_PROBLEM DETAILS_:
Output all records exactly, with no images.

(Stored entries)
= = = =

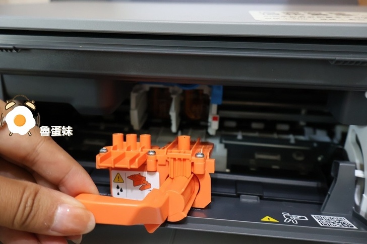 隨機提供黑色及彩色印表機噴頭,記得先將噴頭固定支架拿掉再安裝,本身有防呆機制不用擔心列印噴頭會裝錯。
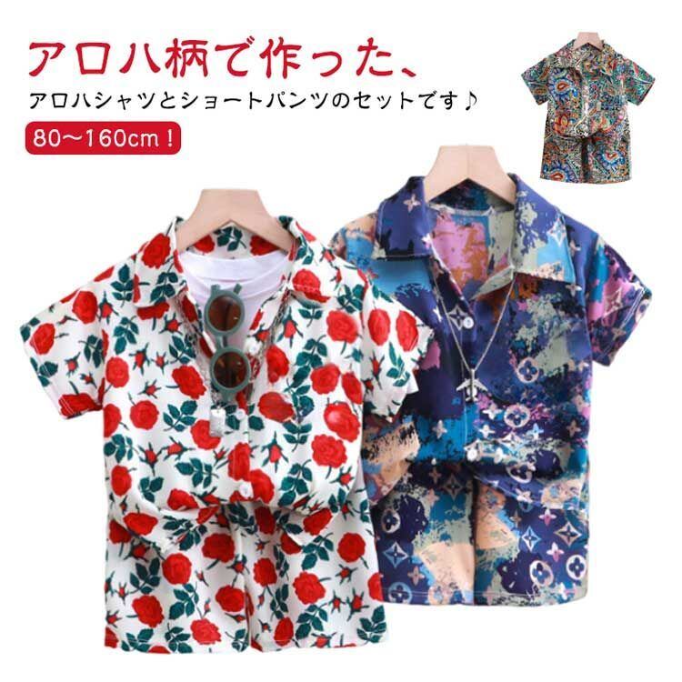 キッズ アロハシャツ セットアップ 男の子 女の子 アロハシャツ ショートパンツ 2点セット 子供服 半袖シャツ ハーフパンツ 上下セット 子ども 総柄 ベビー服 ジュニア 春夏 リゾート 海 ビーチ#shenf746 | オキナ商店
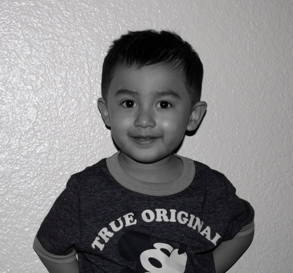 This little one is Logan, also known as my “nephew” and Karla’s son. This picture is an accurate representation on how he looks up to his mom. His mom was next to him posing for her picture and stayed posing so I could take his picture just like his mom. I took this photo on Tuesday evening in his apartment. He was posing in front of a white wall in his living room next to his mom.
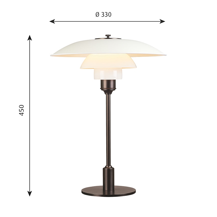 Het PH-lampnummer verwijst naar de grootte van de lampenkappen. Daarom bestaat de PH 3½-2½ tafellamp uit een bovenkap van ca. 35 cm en onderkappen van de 2½ versie.
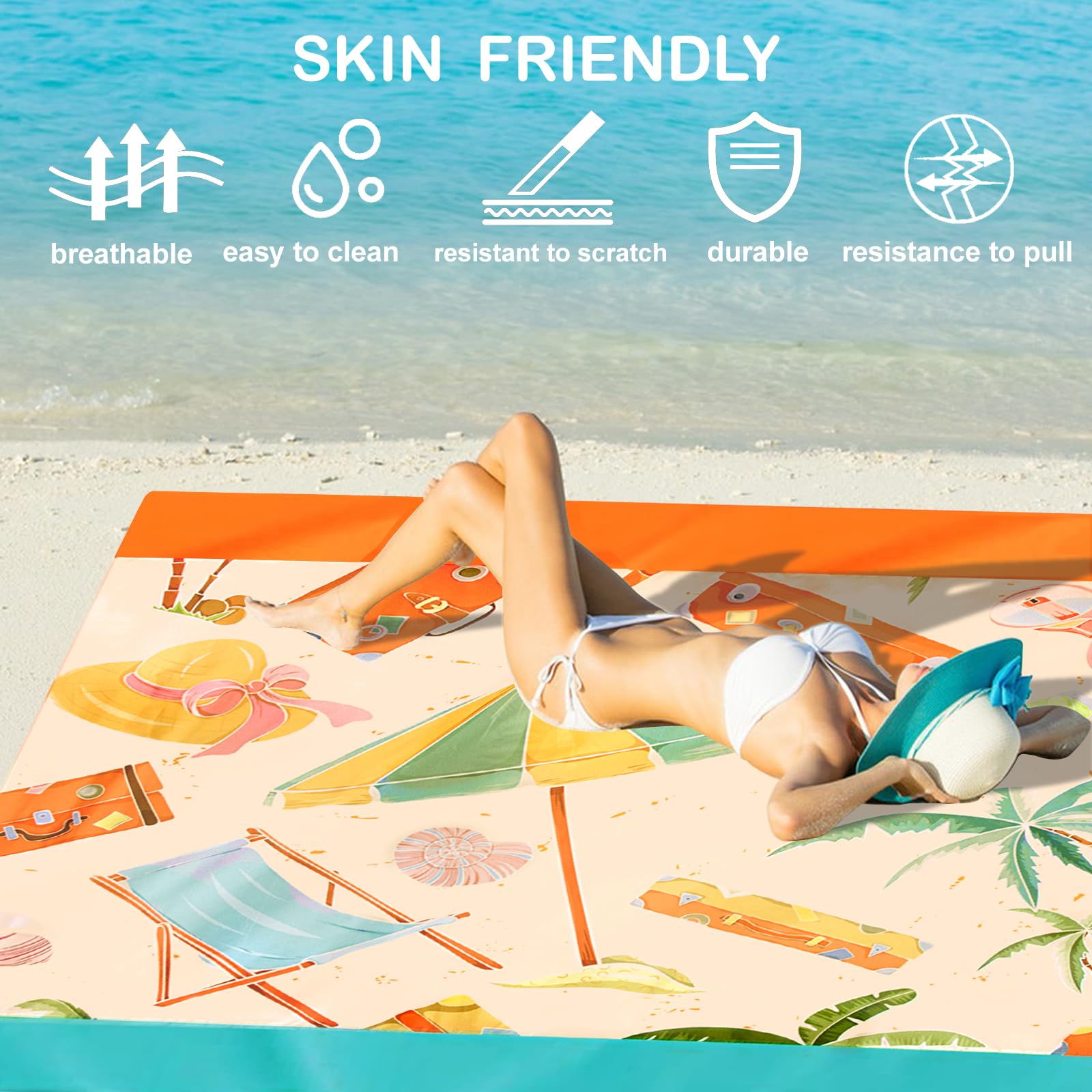 - Comfortable & Windproof: Made of tear-resistant polyester, it is skin-friendly and sandless. The sand free beach blanket comes with 4 anchor stakes and 4 sand pockets to help fix your blanket on the beach. You don't have to worry about the beach sheet being disturbed by the wind and sand, and you can enjoy a more enjoyable day at the beach.
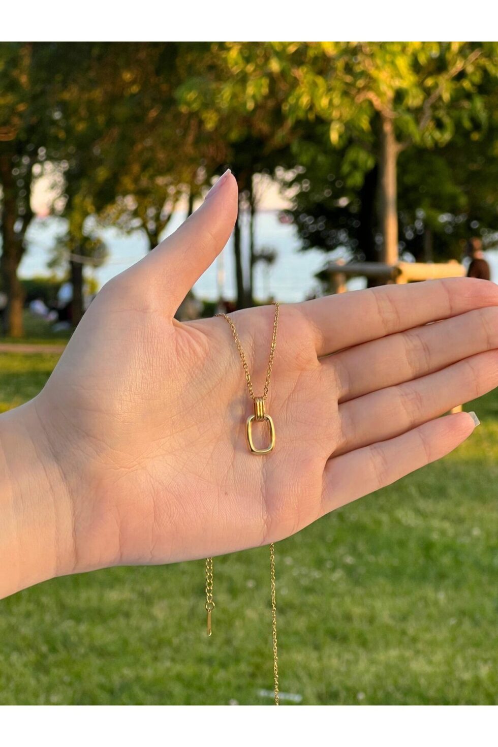 Lunaire Gold Kararmaz Çelik Kolye, sade formuyla güçlü bir stil etkisi yaratır.; Modern tasarımı ve yumuşak oval hatları ile minimal ama dikkat çekici bir duruş sunar.; Altın rengin şıklığıyla günlük kombinlere kolayca uyum sağlarken, kararmaz çelik yapısı sayesinde uzun süreli kullanımda da formunu korur.; Zarif ama iddialı olmak isteyenler için gardırobun vazgeçilmez bir parçası olacak.
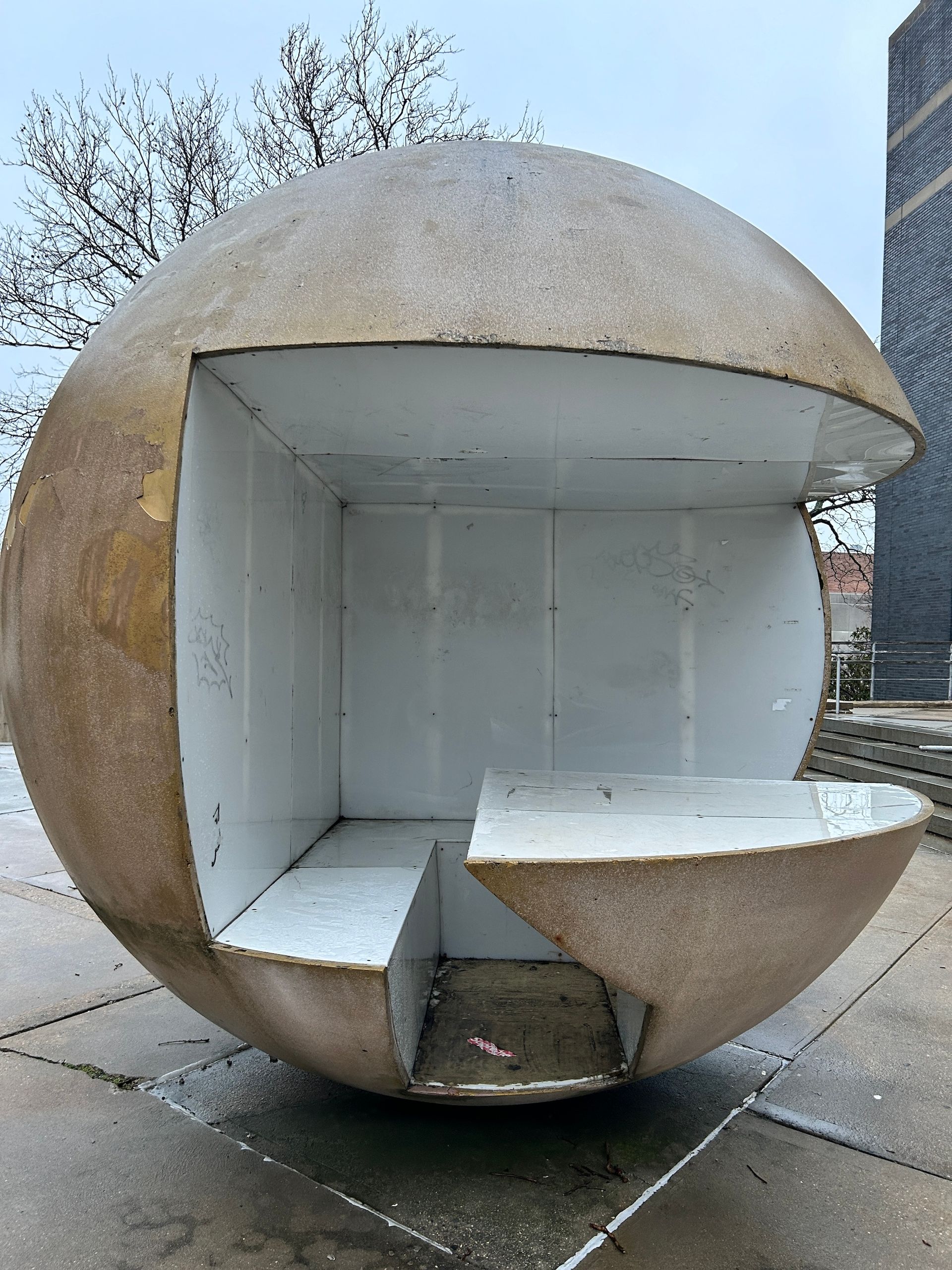 One of Vito Acconci’s Balls for Klapper Hall, slowly disintegrating and covered in years-old graffiti Photo: Amanda Perez
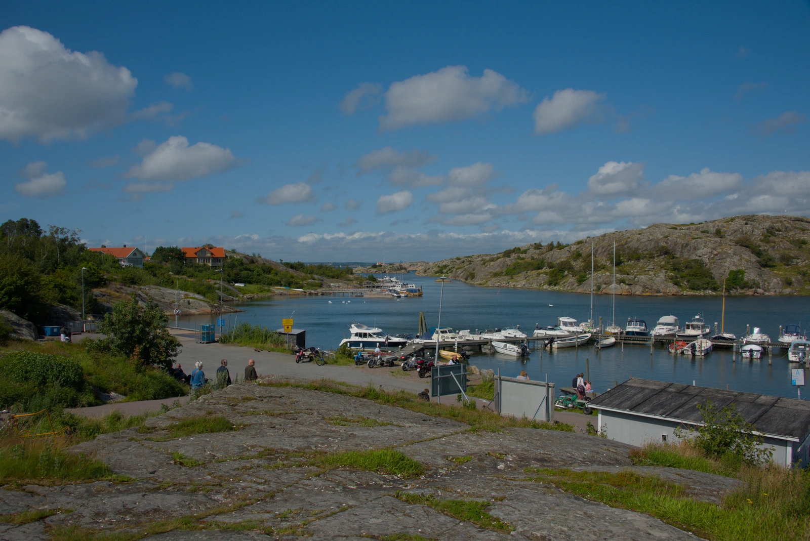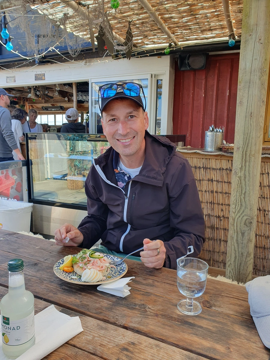 Auf Brännö angekommen, starten wir unseren Tag in einer coolen Surfer-Sea-Bar. Nach einer kleinen Stärkung zeigt uns Frank als fabelhafter Guide die Insel. Edda, mit ihren 82 Jahren, meistert tapfer den Weg über Stock, Stein und Matsch – einfach klasse! Mit perfektem Timing sind wir 15 Minuten vor Abfahrt wieder am Fähranleger. Dagmar und Frank besorgen in letzter Minute noch Eis, bevor wir die Fähre zurück nehmen.
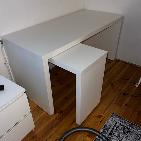 Varastossa pölyttynyt työpöytä. Joitain pieniä jälkiä (näkyy kuvissa). Pitäisi olla kaikki osat tallessa, ruuveja ei. Ikean sivuilta näkee kasattuna :) Vain nouto.
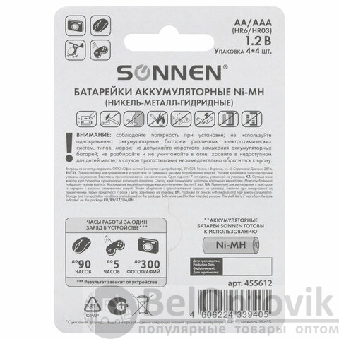 Аккумуляторы SONNEN AA 2700 мА·ч и AAA 1000 мА·ч относятся к никель-металлогидридным аккумуляторам. Они могут многократно перезаряжаться и выдерживают около 1000 циклов перезарядки. Аккумуляторы прослужат в течение длительного времени.
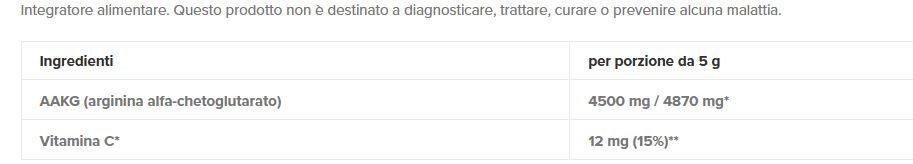 L'arginina, la base del booster di azoto AAKG, svolge un ruolo cruciale nella regolazione della produzione di ossido nitrico, un vasodilatatore naturale. Questo aumenta il diametro dei vasi sanguigni, consentendo un maggiore flusso sanguigno. Questo permette ai muscoli di ricevere più ossigeno e nutrienti, rendendoli più forti e resistenti, consentendo di allenarsi più a lungo. Inoltre, come catalizzatore per la sintesi proteica, la L-arginina porta anche a una più rapida riparazione e rigenerazione dei tessuti, contribuendo a purificare il corpo dalle tossine e dai sottoprodotti dell'attività intensa. Pertanto, è possibile utilizzare questo integratore consecutivamente sia prima che dopo l'allenamento, a seconda delle proprie esigenze. Inoltre, influenza anche altre funzioni corporee stimolando il rilascio di ormoni come insulina, glucagone e ormone della crescita, e contribuisce anche a mantenere sani la pressione sanguigna, la frequenza cardiaca e il sistema immunitario. Tutto questo ti renderà inarrestabile e supererà tutti gli altri sulla tua strada verso la vetta!
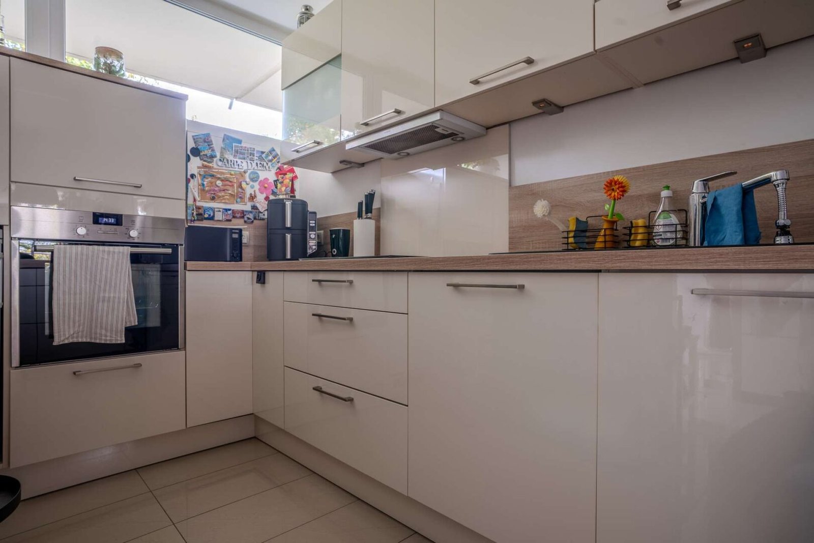Beim Betreten öffnet sich ein heller Wohn- und Essbereich mit offener Küche. Der Raum ist länglich geschnitten und vermittelt durch große Fensterflächen und den Balkonzugang ein großzügiges Raumgefühl. Die offene Küche ist harmonisch in den Wohnbereich integriert und Teil des Angebots.
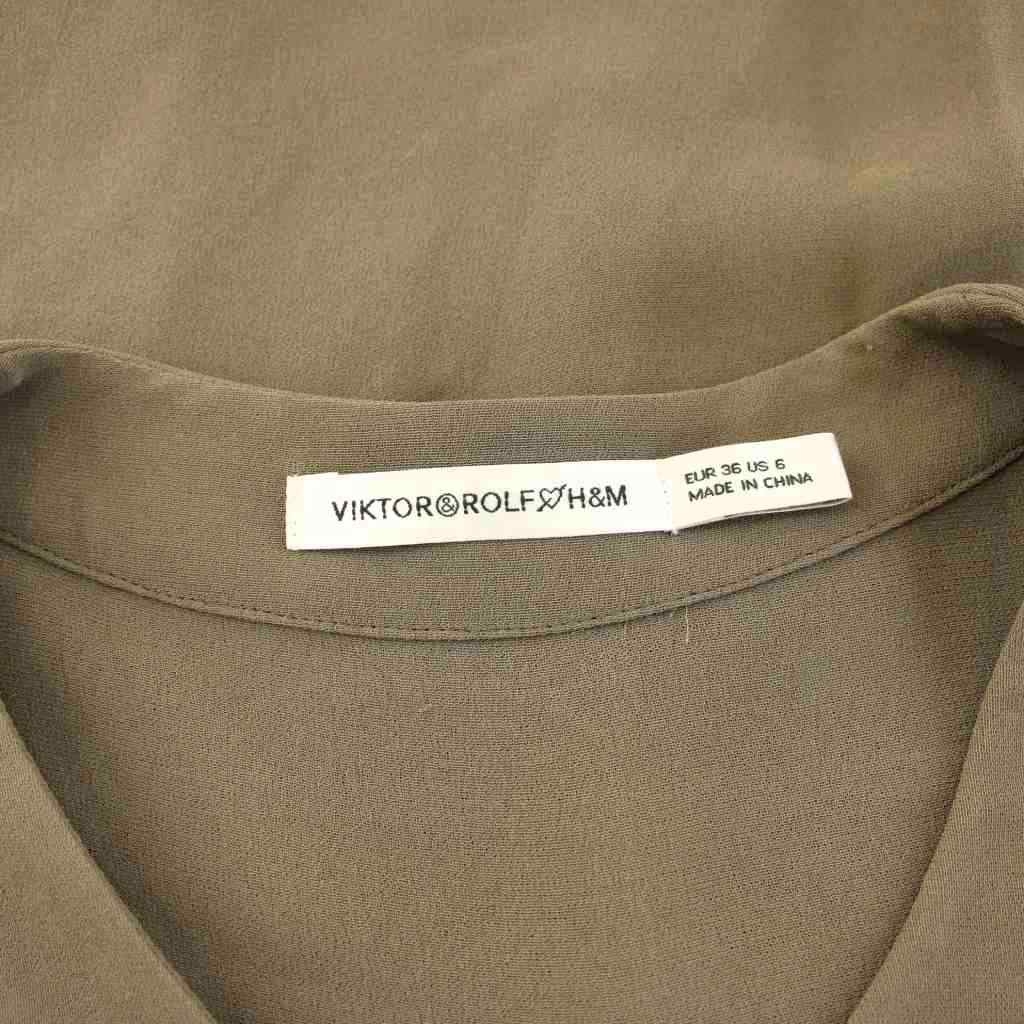 ヴィクター&ロルフ VIKTOR&ROLF H&M シャツワンピース ミモレ ロング 半袖 シルク フリル US6 グレージュ 674060
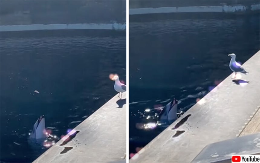 おこぼれの魚を狙いにやって来たカモメに対し、イルカは、口に入れた魚を空中に放り投げてまた口に戻す。これを何度も繰り返す。

= = = =

_OUTPUT FOR THIS TASK_:
 隨機提供黑色及彩色印表機噴頭,記得先將噴頭固定支架拿掉再安裝,本身有防呆機制不用擔心列印噴頭會裝錯。
 キッズ アロハシャツ セットアップ 男の子 女の子 アロハシャツ ショートパンツ 2点セット 子供服 半袖シャツ ハーフパンツ 上下セット 子ども 総柄 ベビー服 ジュニア 春夏 リゾート 海 ビーチ#shenf746 | オキナ商店
 This little one is Logan, also known as my “nephew” and Karla’s son. This picture is an accurate representation on how he looks up to his mom. His mom was next to him posing for her picture and stayed posing so I could take his picture just like his mom. I took this photo on Tuesday evening in his apartment. He was posing in front of a white wall in his living room next to his mom.
 Het PH-lampnummer verwijst naar de grootte van de lampenkappen. Daarom bestaat de PH 3½-2½ tafellamp uit een bovenkap van ca. 35 cm en onderkappen van de 2½ versie.
 - Comfortable & Windproof: Made of tear-resistant polyester, it is skin-friendly and sandless. The sand free beach blanket comes with 4 anchor stakes and 4 sand pockets to help fix your blanket on the beach. You don't have to worry about the beach sheet being disturbed by the wind and sand, and you can enjoy a more enjoyable day at the beach.
 Lunaire Gold Kararmaz Çelik Kolye, sade formuyla güçlü bir stil etkisi yaratır.; Modern tasarımı ve yumuşak oval hatları ile minimal ama dikkat çekici bir duruş sunar.; Altın rengin şıklığıyla günlük kombinlere kolayca uyum sağlarken, kararmaz çelik yapısı sayesinde uzun süreli kullanımda da formunu korur.; Zarif ama iddialı olmak isteyenler için gardırobun vazgeçilmez bir parçası olacak.
 One of Vito Acconci’s Balls for Klapper Hall, slowly disintegrating and covered in years-old graffiti Photo: Amanda Perez
 Auf Brännö angekommen, starten wir unseren Tag in einer coolen Surfer-Sea-Bar. Nach einer kleinen Stärkung zeigt uns Frank als fabelhafter Guide die Insel. Edda, mit ihren 82 Jahren, meistert tapfer den Weg über Stock, Stein und Matsch – einfach klasse! Mit perfektem Timing sind wir 15 Minuten vor Abfahrt wieder am Fähranleger. Dagmar und Frank besorgen in letzter Minute noch Eis, bevor wir die Fähre zurück nehmen.
 Varastossa pölyttynyt työpöytä. Joitain pieniä jälkiä (näkyy kuvissa). Pitäisi olla kaikki osat tallessa, ruuveja ei. Ikean sivuilta näkee kasattuna :) Vain nouto.
 Аккумуляторы SONNEN AA 2700 мА·ч и AAA 1000 мА·ч относятся к никель-металлогидридным аккумуляторам. Они могут многократно перезаряжаться и выдерживают около 1000 циклов перезарядки. Аккумуляторы прослужат в течение длительного времени.
 L'arginina, la base del booster di azoto AAKG, svolge un ruolo cruciale nella regolazione della produzione di ossido nitrico, un vasodilatatore naturale. Questo aumenta il diametro dei vasi sanguigni, consentendo un maggiore flusso sanguigno. Questo permette ai muscoli di ricevere più ossigeno e nutrienti, rendendoli più forti e resistenti, consentendo di allenarsi più a lungo. Inoltre, come catalizzatore per la sintesi proteica, la L-arginina porta anche a una più rapida riparazione e rigenerazione dei tessuti, contribuendo a purificare il corpo dalle tossine e dai sottoprodotti dell'attività intensa. Pertanto, è possibile utilizzare questo integratore consecutivamente sia prima che dopo l'allenamento, a seconda delle proprie esigenze. Inoltre, influenza anche altre funzioni corporee stimolando il rilascio di ormoni come insulina, glucagone e ormone della crescita, e contribuisce anche a mantenere sani la pressione sanguigna, la frequenza cardiaca e il sistema immunitario. Tutto questo ti renderà inarrestabile e supererà tutti gli altri sulla tua strada verso la vetta!
Beim Betreten öffnet sich ein heller Wohn- und Essbereich mit offener Küche. Der Raum ist länglich geschnitten und vermittelt durch große Fensterflächen und den Balkonzugang ein großzügiges Raumgefühl. Die offene Küche ist harmonisch in den Wohnbereich integriert und Teil des Angebots.
 ヴィクター&ロルフ VIKTOR&ROLF H&M シャツワンピース ミモレ ロング 半袖 シルク フリル US6 グレージュ 674060
 おこぼれの魚を狙いにやって来たカモメに対し、イルカは、口に入れた魚を空中に放り投げてまた口に戻す。これを何度も繰り返す。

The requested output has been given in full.